Nous n’avons pas sous la main d’exemples grandioses, de palais idéal à mettre sous les yeux. Il n’y a que çà et là des détails du tableau à construire. L’éolienne quadripale est un objet qui incarne à une échelle infime la synthèse dont nous parlons. C’est un mobile constitué de quatre plans obliques, chacun couvert d’un aplat de couleur, capable de capter les vents les moins puissants. Son mouvement peut être imperceptible ou extrêmement rapide. Les couleurs des quatre plans se mélangent ou se séparent au gré du vent. Ils se superposent ou se scindent progressivement ou brusquement. C’est une peinture moderne en mouvement qui accomplit sa fonction comme si c’était une danse. On imagine aisément des joueurs régler leur course sur celle de l’objet.
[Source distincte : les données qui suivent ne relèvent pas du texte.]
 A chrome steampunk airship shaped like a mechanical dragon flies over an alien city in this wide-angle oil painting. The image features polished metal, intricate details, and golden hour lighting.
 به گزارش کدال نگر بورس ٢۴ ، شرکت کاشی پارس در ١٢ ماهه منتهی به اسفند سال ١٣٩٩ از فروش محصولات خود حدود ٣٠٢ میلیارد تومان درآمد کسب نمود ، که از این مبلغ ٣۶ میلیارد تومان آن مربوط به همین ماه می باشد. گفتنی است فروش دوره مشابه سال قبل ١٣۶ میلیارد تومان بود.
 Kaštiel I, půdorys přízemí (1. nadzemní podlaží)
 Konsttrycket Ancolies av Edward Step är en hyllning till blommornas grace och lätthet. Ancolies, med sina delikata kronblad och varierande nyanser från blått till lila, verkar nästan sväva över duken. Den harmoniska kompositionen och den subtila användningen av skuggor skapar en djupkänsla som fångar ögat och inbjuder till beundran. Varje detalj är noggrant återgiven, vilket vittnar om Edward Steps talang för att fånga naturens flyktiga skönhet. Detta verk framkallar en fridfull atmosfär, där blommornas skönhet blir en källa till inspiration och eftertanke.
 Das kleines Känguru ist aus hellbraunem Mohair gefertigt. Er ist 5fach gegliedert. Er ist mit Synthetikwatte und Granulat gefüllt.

Une domination consciente et collective de l’appareillage technique de notre époque promet évidemment davantage. Les capitalistes eux-mêmes préparent l’usine automatisée prévue par la cybernétique. Ils ne laissent aux travailleurs qu’un rôle de supervision et de maintenance dans la phase productive et un rôle de production d’information dans la phase consommatrice, restructurée intégralement par les lois du travail abstrait. Le travail humain, comme nécessité matérielle, se réduit progressivement à rien. Ne restera bientôt que sa nécessité sociale. Sa fonction de maintien de la division capitaliste de la société prolongera son existence pour un moment encore.
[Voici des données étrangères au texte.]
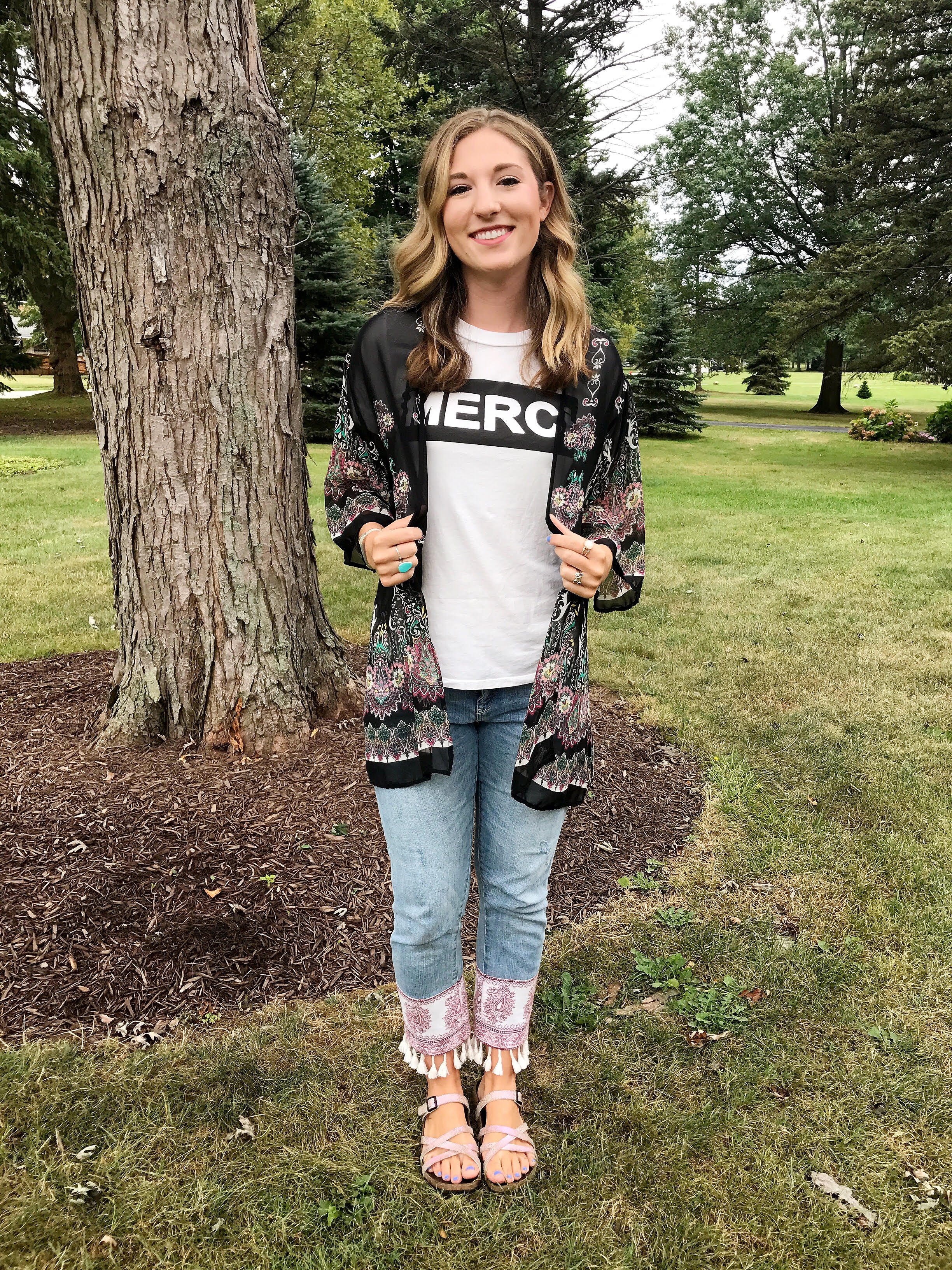 Kimono (Nordstrom Rack), Merci Tee (Anthropologie), Tassel Jeans (Anthropologie), Sandals (Birkenstocks, similar here)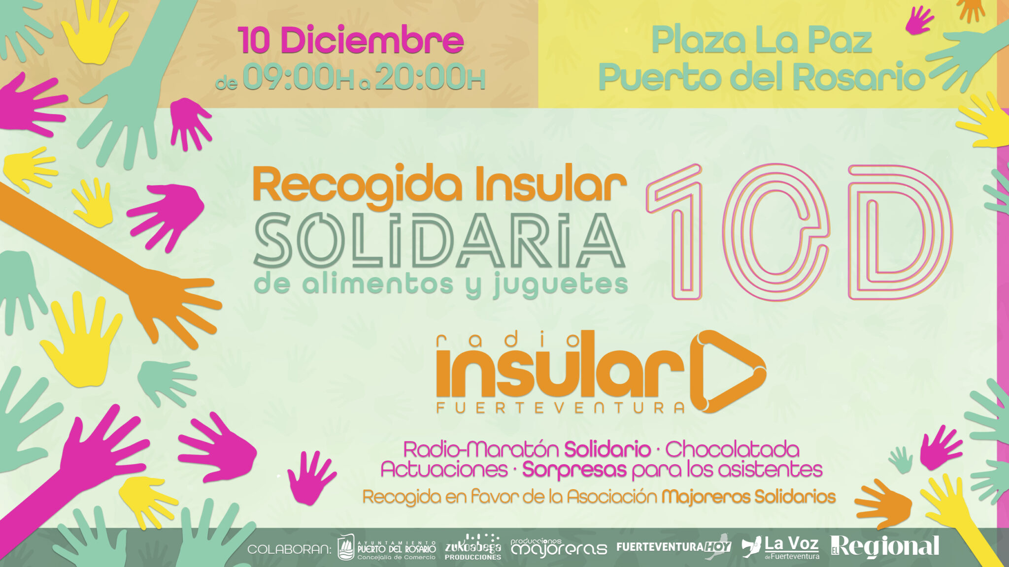 Radio Insular (95.4, 96.7 y 102.0 FM) se suma a esta recogida solidaria con un maratón radiofónico conducido por todos los locutores y locutoras de la emisora de 09:00 a 20:00 horas, en la Plaza de La Paz de Puerto del Rosario, donde se realizará un seguimiento especial de la recogida.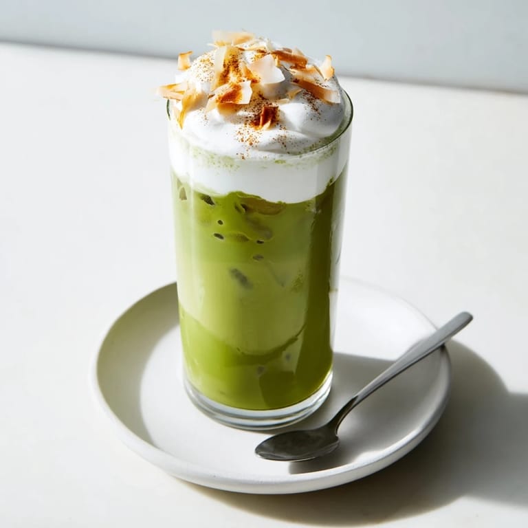 This iced matcha latte is a delightful blend of warming spices and refreshing creaminess, perfect for any season.

Le développement des capacités productives de l’humanité ne donne à choisir qu’entre deux fins du salariat, tel que nous le connaissons : sa réalisation intégrale par l’informatique ou son abolition véritable. La classe dominante, dans sa frange avancée, s’efforce d’enrober le salariat permanent d’un vernis ludique. Elle emploie pour sa falsification les éléments réactionnaires du jeu : la compétition (la concurrence investie par le désir de domination), la performance (l’auto-évaluation masochiste) et la spéculation (le vertige abstrait provoqué par les données et leurs fluctuations). Aussi dérisoire et mensongère qu’elle puisse être, la “gamification” est une concession du capital. Les propriétaires de la société savent que le salariat ne pourra être poursuivi et étendu qu’en étant déguisé en jeu. Cette dernière tentative de récupération contient l’aveu que, pour la première fois dans l’histoire, le jeu est en mesure de l’emporter sur son frère jumeau laborieux. La civilisation du jeu n’est pas une utopie. C’est une possibilité historique offerte par le mouvement réel de la société.

Nous ne voulons pas dire par là que le problème de la production du monde est résolu. Seulement que, une fois la société affranchie pour l’essentiel du fardeau de la nécessité matérielle, cette production du monde pourrait avoir lieu dans les conditions les plus libres qui n’aient jamais été. Qu’elle ne serait donc plus un travail, mais un jeu. Un jeu au sens de l’expression positive d’une solidarité entre le monde et nous ; de la prise de conscience et de l’exercice du dynamisme contradictoire, fondamental, du vivant (comme on dit qu’il y a du jeu) ; et, enfin, de la forme la plus élevée du passe-temps, comme temps librement construit et vécu.